Tra le chiavi di questo ragionamento è l'equilibrio: Lucca ne ha avuto di più in stagione regolare e, forse, è stata proprio questa una delle chiavi del primato conquistato dalla squadra di Olivieri. La Mens Sana ha sempre viaggiato a grandi ritmi ma le è riuscito farlo meglio in casa - anche per effetto della spinta di un tifo fuori categoria - rispetto a fuori.
In numeri: 80.4 e 72.3 la media rispettivamente dei punti fatti e subiti in casa da Lucca, 82.6 e 70.9 le medie delle partite lontano dal PalaTagliate. Dove Lucca è andata effettivamente meglio, seppur cambiando poco in termini di valori assoluti. Più ondivago il rendimento mensanino: 85.1 e 70.5 i dati sui punti fatti e subiti in viale Sclavo, 80.9 e 75.4 i corrispettivi lontano da Siena.
Le statistiche delle due squadre non hanno subito scossoni nemmeno nei playoff dove entrambe hanno vinto in maniera netta agli ottavi di finale, ma poi sono state trascinate alla bella sia ai quarti che in semifinale.

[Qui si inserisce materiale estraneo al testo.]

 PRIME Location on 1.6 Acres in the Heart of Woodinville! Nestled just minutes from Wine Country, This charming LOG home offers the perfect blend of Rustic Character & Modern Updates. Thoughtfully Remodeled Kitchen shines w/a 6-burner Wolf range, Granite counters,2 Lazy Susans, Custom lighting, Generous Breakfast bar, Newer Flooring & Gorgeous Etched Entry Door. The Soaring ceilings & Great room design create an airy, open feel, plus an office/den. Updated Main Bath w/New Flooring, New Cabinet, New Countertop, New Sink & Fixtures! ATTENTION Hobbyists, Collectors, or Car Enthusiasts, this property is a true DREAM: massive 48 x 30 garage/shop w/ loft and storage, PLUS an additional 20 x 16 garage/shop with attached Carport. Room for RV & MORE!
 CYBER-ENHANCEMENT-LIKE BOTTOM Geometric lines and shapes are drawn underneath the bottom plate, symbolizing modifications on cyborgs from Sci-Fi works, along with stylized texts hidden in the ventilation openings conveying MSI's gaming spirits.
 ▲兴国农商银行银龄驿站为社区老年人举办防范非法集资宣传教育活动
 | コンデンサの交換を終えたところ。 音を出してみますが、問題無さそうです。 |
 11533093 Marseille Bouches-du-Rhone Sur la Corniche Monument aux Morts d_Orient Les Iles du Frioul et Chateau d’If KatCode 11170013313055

Lucca realizza meno punti rispetto alla stagione regolare, viaggiando in post season a 78.9 punti a partita a fronte degli 81.5 di media che aveva in campionato. Leggerissimamente migliorato il dato relativo ai punti subiti: 71 negli 8 incontri di playoff sin qui disputati, 71.6 la media dei canestri concessi in stagione regolare.

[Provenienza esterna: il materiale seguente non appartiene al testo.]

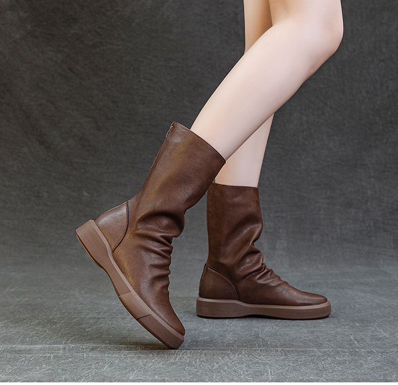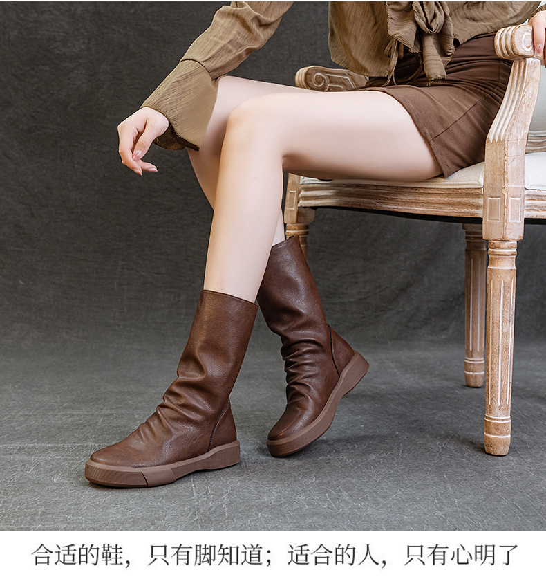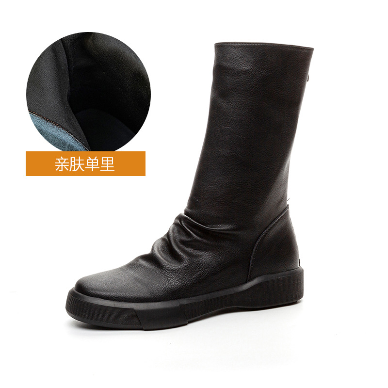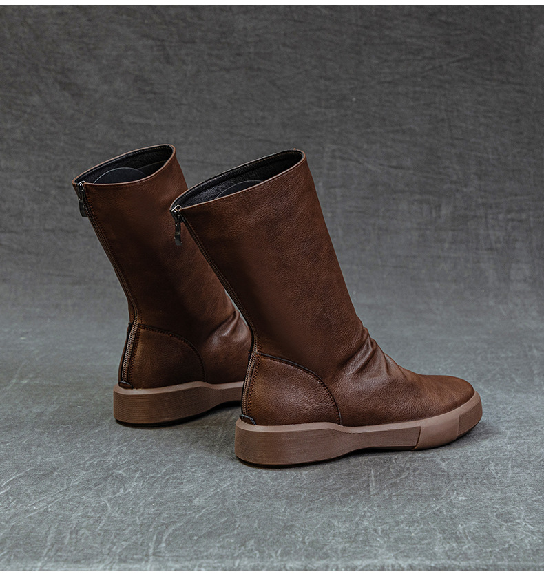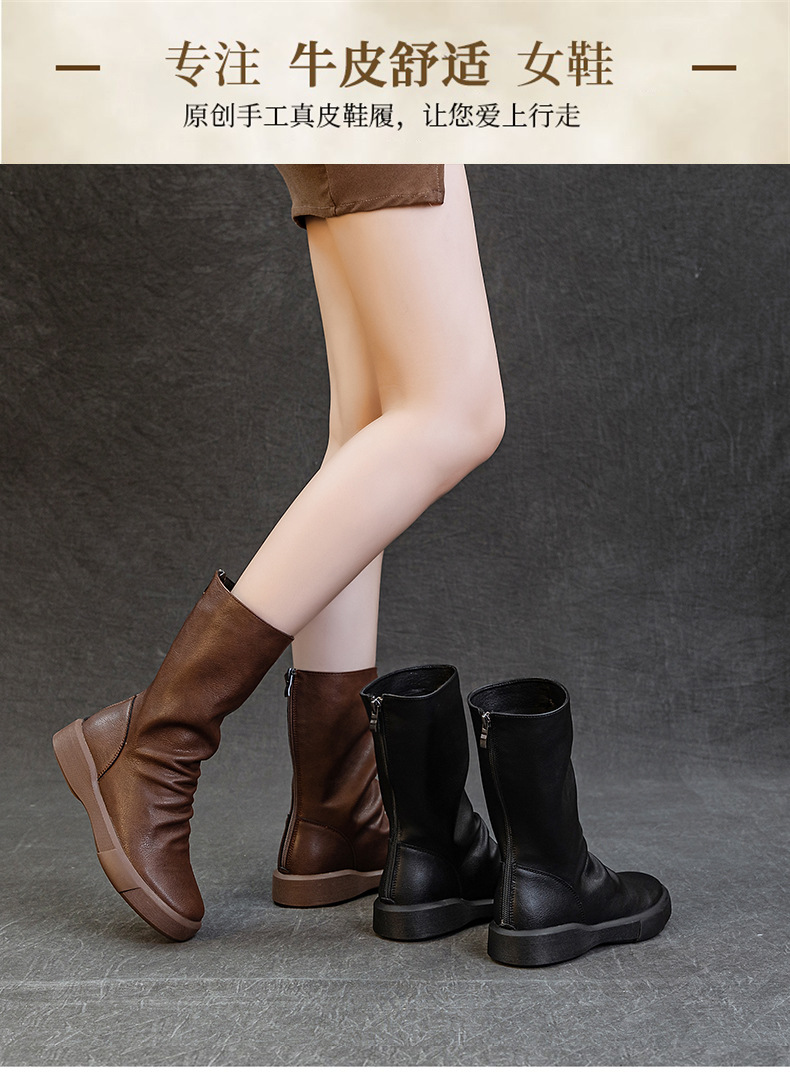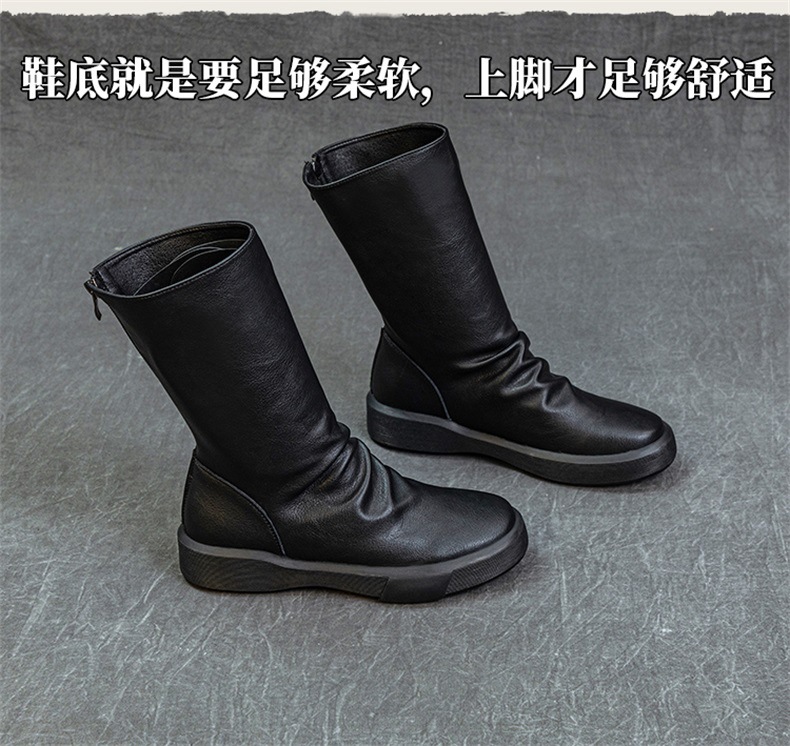 가을 새로운 바닥 폭발 Cowhide Martin 부츠 여성 라운드 헤드 미들 부츠 리어 지퍼 반전 부츠 레트로 싱글 부츠 도매스토어 가기

La Mens Sana ha invece una media realizzativa più alta: 85.4 nei playoff, 83 in stagione regolare. Mentre è rimasta praticamente inalterata la media dei punti concessi: 72.9 nei playoff, 73 in campionato.

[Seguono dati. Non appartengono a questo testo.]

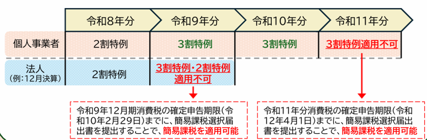 ※現行の2割特例は、令和8年9月30日までの日の属する課税期間で終了します。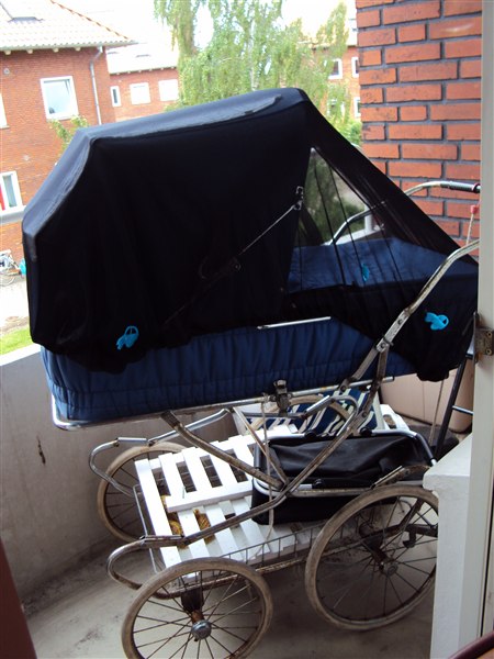 Som altan barnevogn har vi en ældgammel odder som nok er over 20 år gammel. Men den er lækker, har ikke de dumme runde ovale hjørner som de nye har. Og så er den bred tilmed...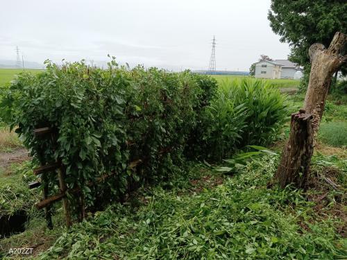 春に新芽を摘んで楽しんでからは、しばらく新梢を摘んで天ぷら、うこぎごはん、味噌和え、おひたし、はたまた一夜漬けなどで食します・・7月頃までは新梢摘んでいればそう伸びないウコ、しかしそこも終わると、気が付けば一気に伸びてしまい・・枝も固くなりとげも固くなる・・・・新梢摘みも終わり気がついたら伸びホーダイとなり、ようやく剪定しました・・年2回ほどやんないといかんですね・・また来年の新芽と新梢の為・・刈るときはゴム手2重で行ってます。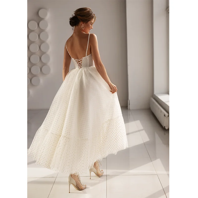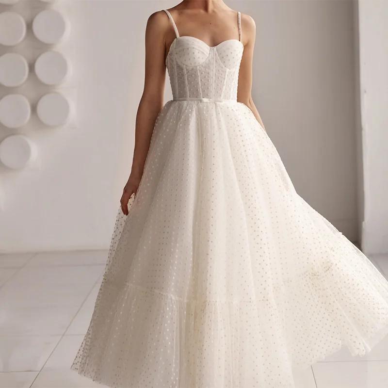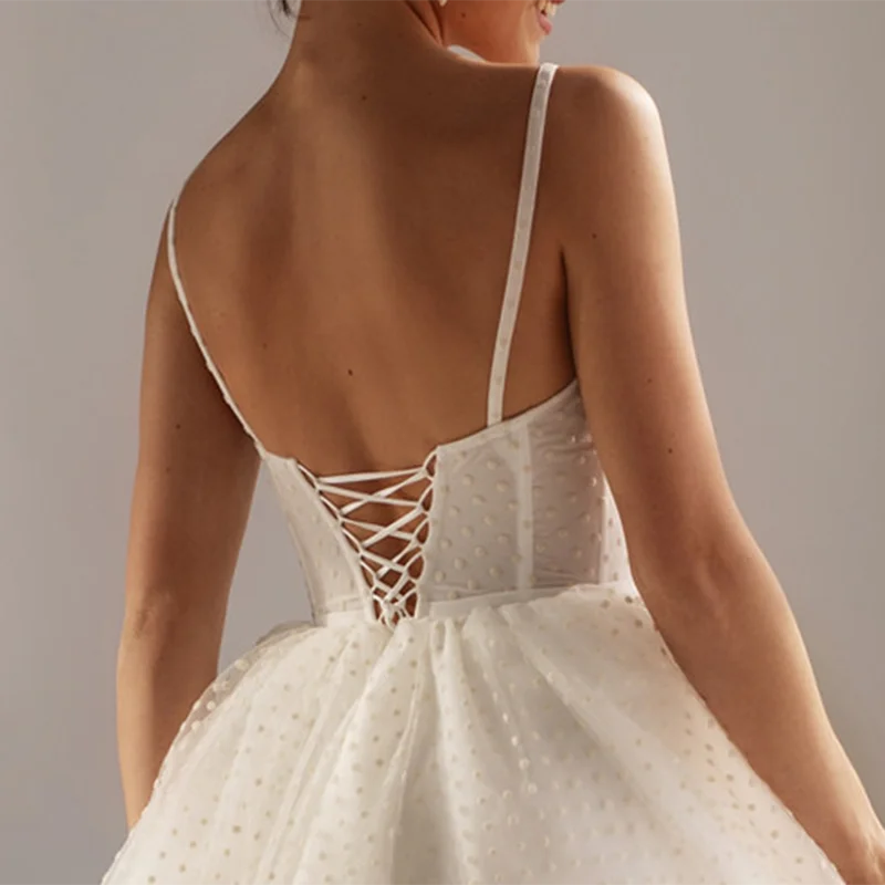 Be the first to review “Elegant white suspender wedding dress tulle wavy A-shaped skirt bride’s romantic dress with halter strap vestidos de novia”

Attenzione poi ai singoli: Docker è stato il miglior realizzatore in campionato, Dubois il terzo, rispettivamente con 16.3 e 14.9 punti a partita. I due si sono confermati anche nei playoff, dove risultano essere primo e secondo per media realizzativa: Drocker con 19.3 di media, Dubois con 15. Nella top ten c’è anche un altro lucchese, Trentin, con 11.9 punti a gara. È sesto, a precederlo in questa particolare graduatoria c’è l’unico mensanino presente: Yarbanga, 12 di media.
Se ne può dedurre che l’attacco lucchese viaggia sui picchi delle sue individualità, mentre la Mens Sana ha una maggiore distribuzione di punti e responsabilità: anche in stagione regolare Yarbanga è stato il top scorer (12.6 a partita) ma era il 17° nella classifica marcatori stagionale.
Cosa si deduce da tutto questo? Semplice, la finale sarà (anche) un affascinante scontro di filosofie: da un lato le fiammate dei singoli di una Lucca che, in stagione, ha saputo essere sempre molto cinica e letale nei momenti chiave; dall'altro la forza del collettivo della Mens Sana capace di coinvolgere e responsabilizzare tutti i suoi effettivi, chiamati adesso (ognuno con le sue specificità) a fare un salto di qualità nella sfida più importante e, pertanto, difficile. A fare la differenza non saranno i singoli canestri, ma i dettagli e la tenuta mentale nell’arco dell’intero incontro.